Reading through
starkravinglunaticradical's visceral response to Cindy Sheehan and the thoughtful approaches by
bulldog manifesto and especially
shanikka to the whole controversy, I wonder if there might be another way to look at this. I understand stark took offense at Cindy's blithe reference to the Trail of Tears, and it does seem as if Cindy never quite got the nature of the offense.
On the other hand, the Trail of Tears might actually be a useful way to look at Iraq. Now, I'm not talking about the death of Casey Sheehan and Cindy's personal grief, but about the war itself and how it fits into America's image of itself and our treatment of people we consider less than civilized.
More on the other side...
What I'm suggesting is that we fit the Iraq War into the model developed by Richard Drinnon in his
Facing West: The Metaphysics of Indian Hating and Empire Building.

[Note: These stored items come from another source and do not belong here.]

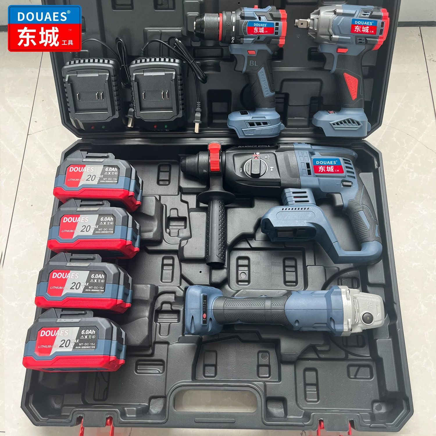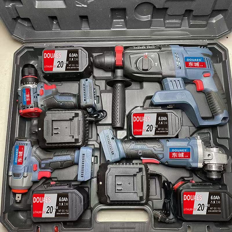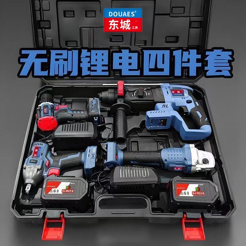 东城款无刷电动工具冲击钻充电电锤角磨机电动扳手电钻四件套装
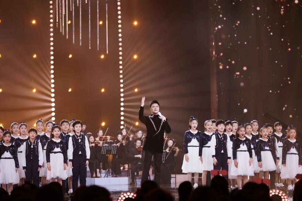 此次江苏卫视春晚,汤非以“学院派实力”重新诠释《是我,也是我们》。当交响乐团的磅礴弦乐与童声合唱团的清澈和声交织,他以标志性的“汤式唱腔”——细腻的行腔韵字与大气沉稳的台风,将歌曲中“你埋头往前走,前路会有星光”的温暖信念娓娓道来。
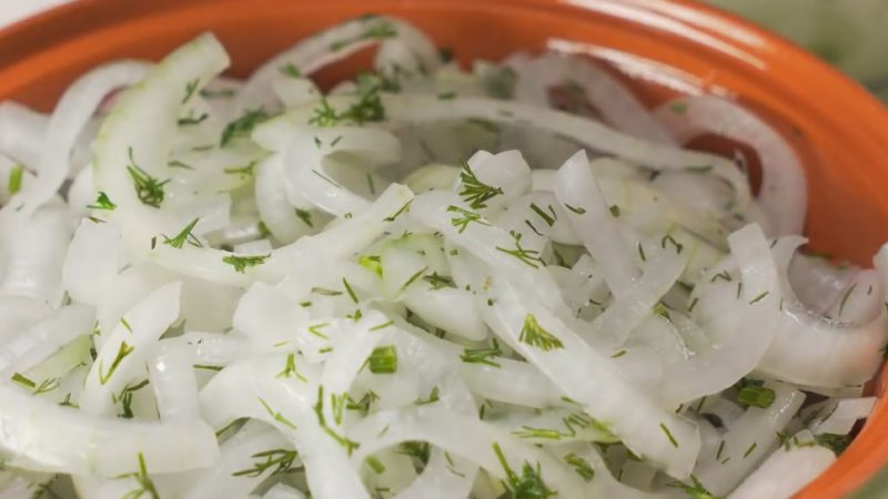 Многие не любят сырой лук из-за запаха горечи, но маринованный — совсем другое дело! Такой лук можно добавлять в различные салаты и мясные блюда. Следуйте нашей инструкции и у Вас всё получится! Необходимые ингредиенты Мариновать лук — рецепт: Шаг 1. Делаем маринад Для начала сделаем маринад для лука. Для этого, в удобную глубокую миску — наливаем 250 миллилитров воды, затем добавляем 4 ложки уксуса 9%, затем 1 ложку сахарного песка и столько же соли. Перемешаем жидкость, что-бы сахар с солью растворились, затем срезаем у укропа грубые стебли и убираем их. Сам укроп мелко нарезаем и добавляем в маринад. Маринад готов. Шаг 2. Нарезаем лук Лук можно нарезать так, как вы хотите. Можно кубиками, можно кольцами, можно пустить через специальную тёрку. Но лучше всего получается, когда лук нарезан полукольцами и слои отделены, таким образом у нас получается целая горка индивидуальных луковых полукруглых кусочков. Для этого просто разрезаем луковицу на 2 части, потом нарезаем каждую часть сбоку

Drinnon's book actually starts with the first Thanksgiving, which he contrasts sharply with the Pequot War. The former, he tells us, is the image we like to have of White-Indian relations; the latter, however, is the way whites actually treated Indians -- as savages whose bodies we could kill and rape, and whose lands we could steal at will.

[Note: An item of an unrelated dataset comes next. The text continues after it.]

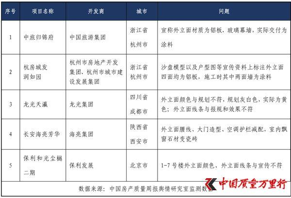 重点投诉问题:外立面与宣传不符、与施工图纸不符
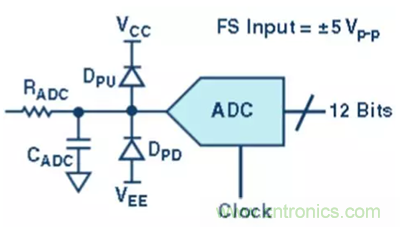 電容提供了一個簡單的低通抗混疊濾波器 (AAF),用以衰減目標頻帶之外的信號和噪聲。AAF 的設(shè)計在很大程度上取決于系統(tǒng)的設(shè)計和應(yīng)用。最后,上拉和下拉二極管可增添輸入保護功能,可防止有可能被施加到轉(zhuǎn)換器輸入端的極端過載信號導致的任何故障狀況。

He identifies a pattern of behavior throughout westward expansion that traces back quite nicely to the Pequot War, a pattern in which whites provoke war against Indians, and then brutally prosecute that war leaving the Indians dead or marginalized and their lands in white hands.
There's nothing in that book that an Indian activist, as stark appears to be, would object to. In fact, it's a solid piece of history documenting how genocidal treatment of the other lies right at the center of American national identity.
Where the book gets interesting however, and what makes it relevant to Cindy and Casey Sheehan, is when Drinnon takes the story first to the Philippines and then to Vietnam. What at first appear to be random acts of brutality perpetrated by American soldiers on Filipino and Vietnamese civilians turn out to be the continuation of patterned behavior going back all the way to the Pequot War.
Obviously, it's only a short step from Vietnam ("gook") to Iraq ("haji").
Now, it's been more than twenty years since I've actually held a copy of Facing West in my hands. Still, there's no doubt in my mind that Drinnon's analysis would not only hold for Iraq, and also provide the bridge over which Cindy and stark could meet in peace and comradeship.